8. We now wish to consider this application within the above set out principles. It is common ground that the respondent was employed by the applicant and that she was granted clinical privileges to admit patients with the applicant which was renewed over the time and as at the time she tendered her resignation on 1st April, 2019, the same was valid until 31st May, 2021. We are satisfied, that the application raises several arguable issues among them whether the clinical privilege given to the respondent was tied to her employment and whether the respondent had pleaded a case of constitutional violation of discrimination among others. We also wish to throw caution that not all arguable points have a predilection of success when the appeal is heard and our determination is on a prima facie basis
9. On the nugatory aspect, one of the orders issued was declaratory in nature, which is not capable of being executed. See the case of; Ndungu Kinyanjui vs. Kibichoi Kugeria Services and Another, NAI Civil Application No. 79 of 2007 (unreported) this Court stated that: -
“…that in an application under Rule 5(2) (b) for stay of execution, where the court whose orders is sought to be stayed has not ordered any of the parties to do anything, or to refrain from doing anything, or to pay any sum, there would be nothing arising out of that decision for this Court to enforce or to restrain by injunction.”

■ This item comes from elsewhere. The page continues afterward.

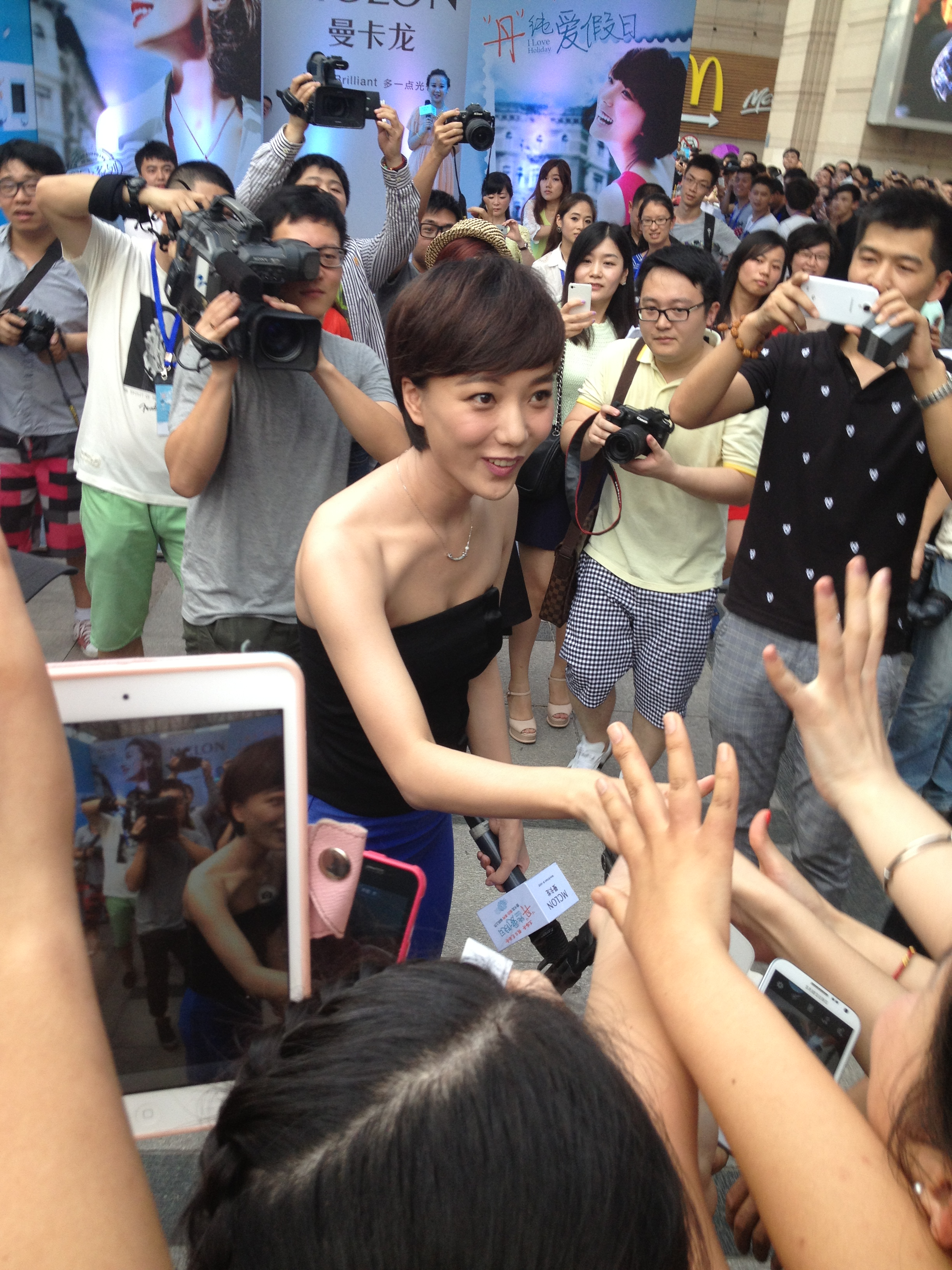 Wang Luodan in Hangzhou , May , 2013.
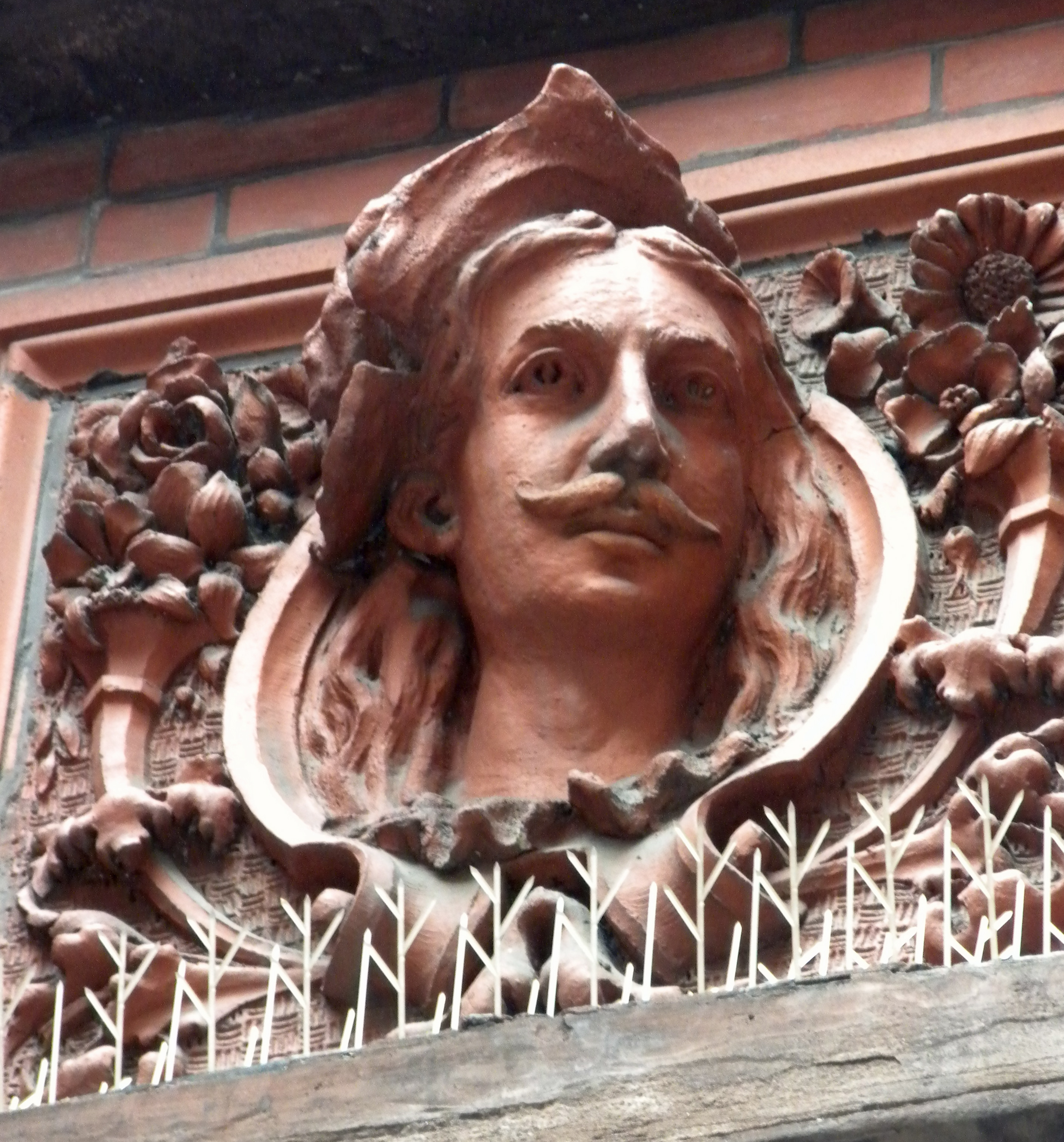 Detail from the Hartwell Building 14-16 E. Pearson Street, Chicago, Illinois (near North side). On NRHP since May 8, 1980. Now used as offices for the University across the street. 41°53′51″N 87°37′40″W

The other order was to quash a letter dated 17th June, 2019 which purported to cancel the clinical privileges of the respondent. We do not see what is prejudicial about this order, as the respondent had clinical privileges which were valid until 31st May, 2021. The respondent had been admitting patients at the applicant hospital and there were no allegations of professional misconduct or negligence unlike in the case of Nairobi Hospital vs. Stanley Ominde Khainga (supra).
Accordingly, we find the applicant has not satisfied the twin principles in granting the orders sought. Therefore, this application is dismissed with costs to the respondent.
Dated and delivered at Nairobi this 19th day of June, 2020.
M. K. KOOME
JUDGE OF APPEAL
JUDGE OF APPEAL
JUDGE OF APPEAL
I certify that this is a true copy of the original.